• **Instructions to follow**
Look at the entries below and restate word for word the lines from the first through the one that has "G31 GPU、4GB RAMを搭載したD6".

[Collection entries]
#####
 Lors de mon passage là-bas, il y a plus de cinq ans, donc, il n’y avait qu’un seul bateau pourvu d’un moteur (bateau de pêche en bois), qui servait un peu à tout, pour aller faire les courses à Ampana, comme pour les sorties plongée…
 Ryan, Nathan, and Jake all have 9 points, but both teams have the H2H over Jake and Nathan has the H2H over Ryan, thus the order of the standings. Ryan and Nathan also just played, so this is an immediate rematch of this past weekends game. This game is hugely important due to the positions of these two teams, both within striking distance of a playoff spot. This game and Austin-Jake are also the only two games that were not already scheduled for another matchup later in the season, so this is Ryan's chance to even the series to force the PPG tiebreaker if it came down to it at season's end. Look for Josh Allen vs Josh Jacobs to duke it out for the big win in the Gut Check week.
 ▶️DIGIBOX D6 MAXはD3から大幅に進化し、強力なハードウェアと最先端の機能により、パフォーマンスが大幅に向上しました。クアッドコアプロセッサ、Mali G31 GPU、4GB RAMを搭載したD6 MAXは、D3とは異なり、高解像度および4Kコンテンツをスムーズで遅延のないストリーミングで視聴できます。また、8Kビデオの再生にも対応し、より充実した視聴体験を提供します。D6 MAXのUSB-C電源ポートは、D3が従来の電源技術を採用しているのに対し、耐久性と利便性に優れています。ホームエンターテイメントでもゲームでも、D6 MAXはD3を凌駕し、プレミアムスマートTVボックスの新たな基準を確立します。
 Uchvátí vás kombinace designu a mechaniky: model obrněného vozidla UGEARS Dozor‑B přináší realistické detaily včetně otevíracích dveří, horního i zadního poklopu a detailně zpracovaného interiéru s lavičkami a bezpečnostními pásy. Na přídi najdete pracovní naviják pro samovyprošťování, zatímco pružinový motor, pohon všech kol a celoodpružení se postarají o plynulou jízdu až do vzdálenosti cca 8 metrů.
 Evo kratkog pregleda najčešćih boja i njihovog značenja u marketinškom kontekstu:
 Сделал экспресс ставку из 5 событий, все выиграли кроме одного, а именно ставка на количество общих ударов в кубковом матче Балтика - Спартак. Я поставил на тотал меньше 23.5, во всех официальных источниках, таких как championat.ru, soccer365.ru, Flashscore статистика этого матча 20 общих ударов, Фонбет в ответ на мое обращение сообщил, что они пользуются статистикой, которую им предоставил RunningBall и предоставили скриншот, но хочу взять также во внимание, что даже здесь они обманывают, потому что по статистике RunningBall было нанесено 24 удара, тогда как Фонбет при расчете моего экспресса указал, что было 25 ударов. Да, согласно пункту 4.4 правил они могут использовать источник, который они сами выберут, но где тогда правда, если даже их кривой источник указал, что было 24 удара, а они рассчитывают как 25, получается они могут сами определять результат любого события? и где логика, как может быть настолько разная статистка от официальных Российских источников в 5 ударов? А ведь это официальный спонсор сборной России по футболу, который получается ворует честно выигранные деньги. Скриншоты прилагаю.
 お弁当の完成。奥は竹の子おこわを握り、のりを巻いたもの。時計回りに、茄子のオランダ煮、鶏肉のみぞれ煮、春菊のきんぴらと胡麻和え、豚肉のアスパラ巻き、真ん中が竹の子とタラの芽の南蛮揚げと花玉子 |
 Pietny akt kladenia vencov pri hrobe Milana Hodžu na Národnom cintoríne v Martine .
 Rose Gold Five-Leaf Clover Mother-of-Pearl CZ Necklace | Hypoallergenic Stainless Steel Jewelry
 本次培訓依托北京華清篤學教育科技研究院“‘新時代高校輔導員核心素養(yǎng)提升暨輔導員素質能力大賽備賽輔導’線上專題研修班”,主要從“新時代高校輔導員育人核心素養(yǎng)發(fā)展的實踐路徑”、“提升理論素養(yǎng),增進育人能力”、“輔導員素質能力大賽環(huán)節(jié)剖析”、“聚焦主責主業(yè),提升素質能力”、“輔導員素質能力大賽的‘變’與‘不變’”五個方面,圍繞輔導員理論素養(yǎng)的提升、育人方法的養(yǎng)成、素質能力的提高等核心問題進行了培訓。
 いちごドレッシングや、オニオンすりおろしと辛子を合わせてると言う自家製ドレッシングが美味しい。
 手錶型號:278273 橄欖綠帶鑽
#####
• **Answer to the exercise**
 Lors de mon passage là-bas, il y a plus de cinq ans, donc, il n’y avait qu’un seul bateau pourvu d’un moteur (bateau de pêche en bois), qui servait un peu à tout, pour aller faire les courses à Ampana, comme pour les sorties plongée…
 Ryan, Nathan, and Jake all have 9 points, but both teams have the H2H over Jake and Nathan has the H2H over Ryan, thus the order of the standings. Ryan and Nathan also just played, so this is an immediate rematch of this past weekends game. This game is hugely important due to the positions of these two teams, both within striking distance of a playoff spot. This game and Austin-Jake are also the only two games that were not already scheduled for another matchup later in the season, so this is Ryan's chance to even the series to force the PPG tiebreaker if it came down to it at season's end. Look for Josh Allen vs Josh Jacobs to duke it out for the big win in the Gut Check week.
 ▶️DIGIBOX D6 MAXはD3から大幅に進化し、強力なハードウェアと最先端の機能により、パフォーマンスが大幅に向上しました。クアッドコアプロセッサ、Mali G31 GPU、4GB RAMを搭載したD6 MAXは、D3とは異なり、高解像度および4Kコンテンツをスムーズで遅延のないストリーミングで視聴できます。また、8Kビデオの再生にも対応し、より充実した視聴体験を提供します。D6 MAXのUSB-C電源ポートは、D3が従来の電源技術を採用しているのに対し、耐久性と利便性に優れています。ホームエンターテイメントでもゲームでも、D6 MAXはD3を凌駕し、プレミアムスマートTVボックスの新たな基準を確立します。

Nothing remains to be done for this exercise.